Available data Block Start

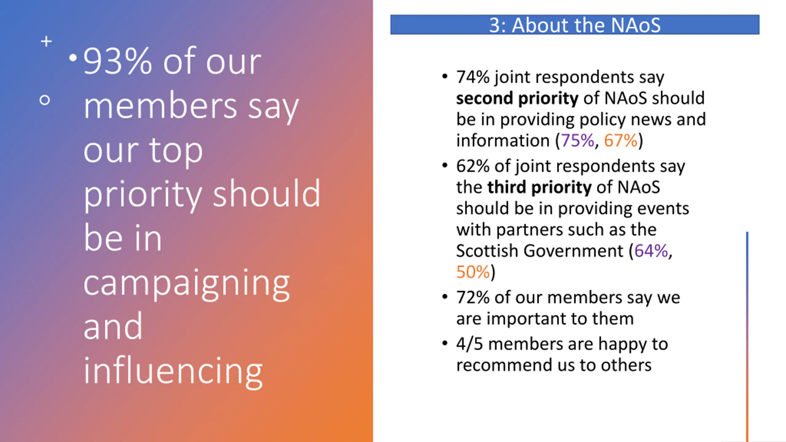 3: About the NAoS 93% of our members say our top priority should be in campaigning and influencing 74% joint respondents say second priority of NAoS should be in providing policy news and information (75%, 67%) 62% of joint respondents say the third priority of NAoS should be in providing events with partners such as the Scottish Government (64%, 50%) 72% of our members say we are important to them 4/5 members are happy to recommend us to others
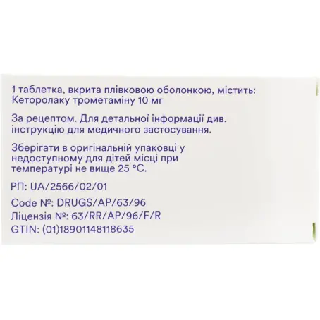 Склад: 1 таблетка, вкрита плівковою оболонкою, містить кеторолаку трометаміну 10 мг; (KETOROLACI TROMETAMINUM)
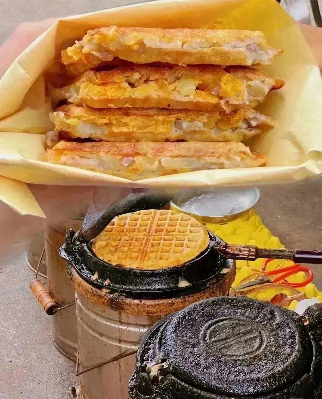 它的外皮经过炉火烤制变得金黄酥脆,内里则是软糯香甜的糯米团,分甜口和咸口,每一口咬下去都是满满的幸福感。
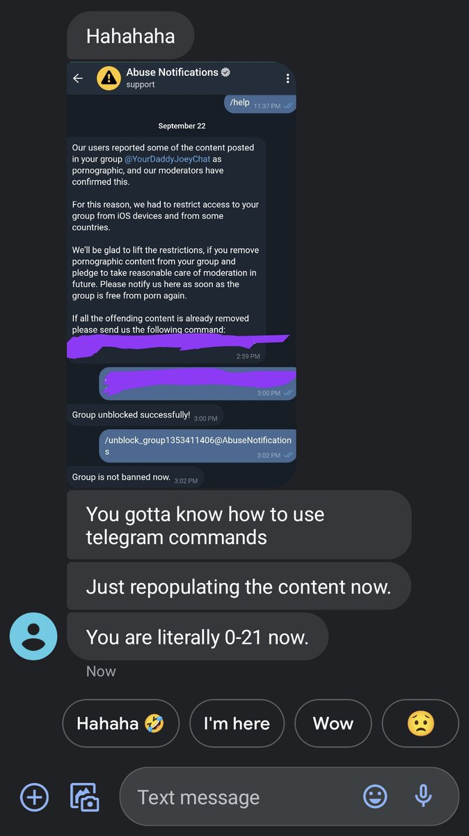 Clear statement of intention to break @telegram Terms of Service. Feel free to report his channel for repeat violations if he follows through.
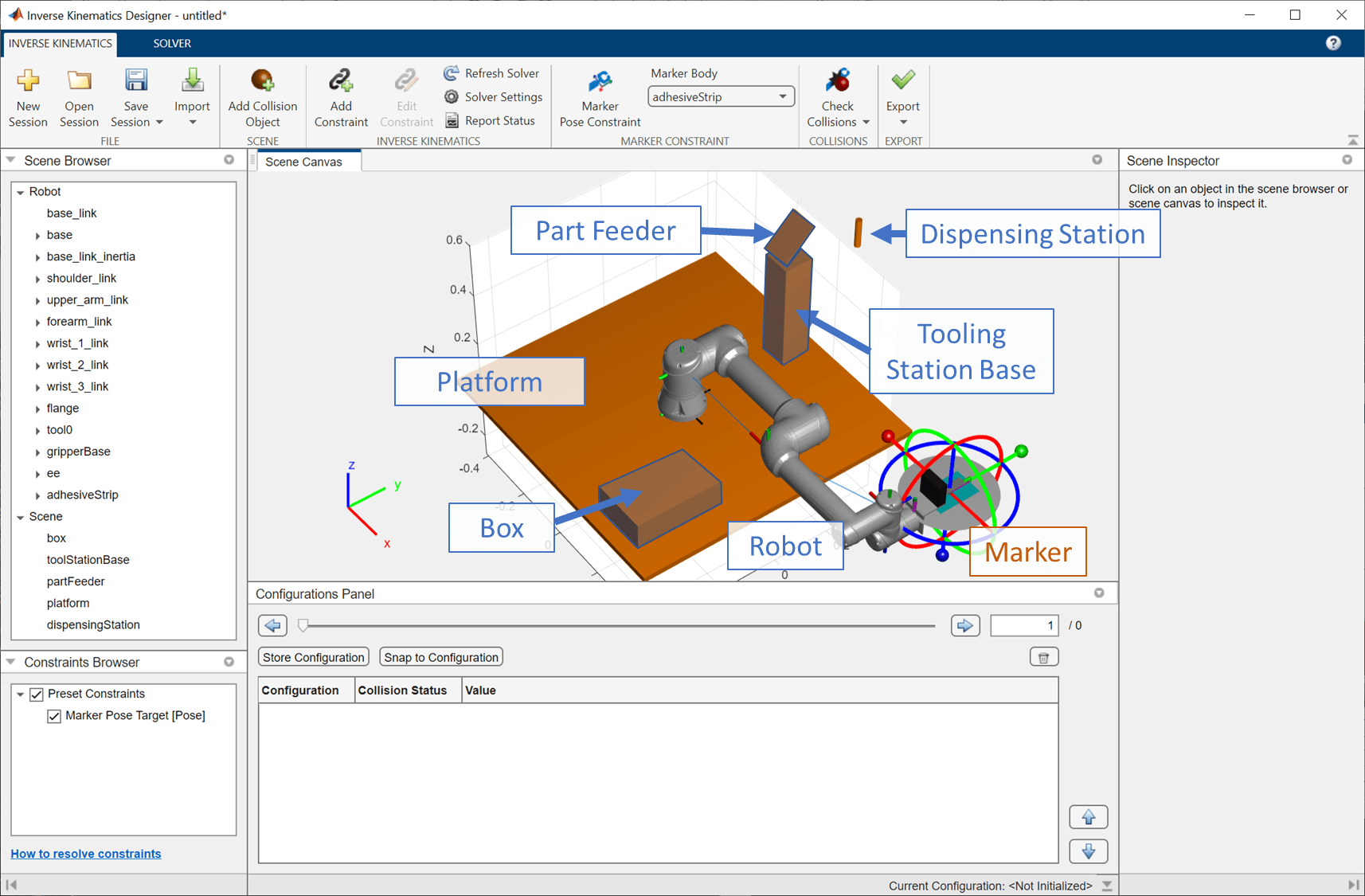 Click Add to add these objects to the scene. In the Scene Canvas, to reposition the scene so it fits. Fore more information, see the Use Scene Canvas and Move Robot example on the Inverse Kinematics Designer page.

Available data Block End

◆ **Exercise aim**: Each line from the one with "Clear statement of" through the final line of the records must be copied exactly, with no pictures and no additional lines.

◆ **Solution to the problem**:
 Clear statement of intention to break @telegram Terms of Service. Feel free to report his channel for repeat violations if he follows through.
 Click Add to add these objects to the scene. In the Scene Canvas, to reposition the scene so it fits. Fore more information, see the Use Scene Canvas and Move Robot example on the Inverse Kinematics Designer page.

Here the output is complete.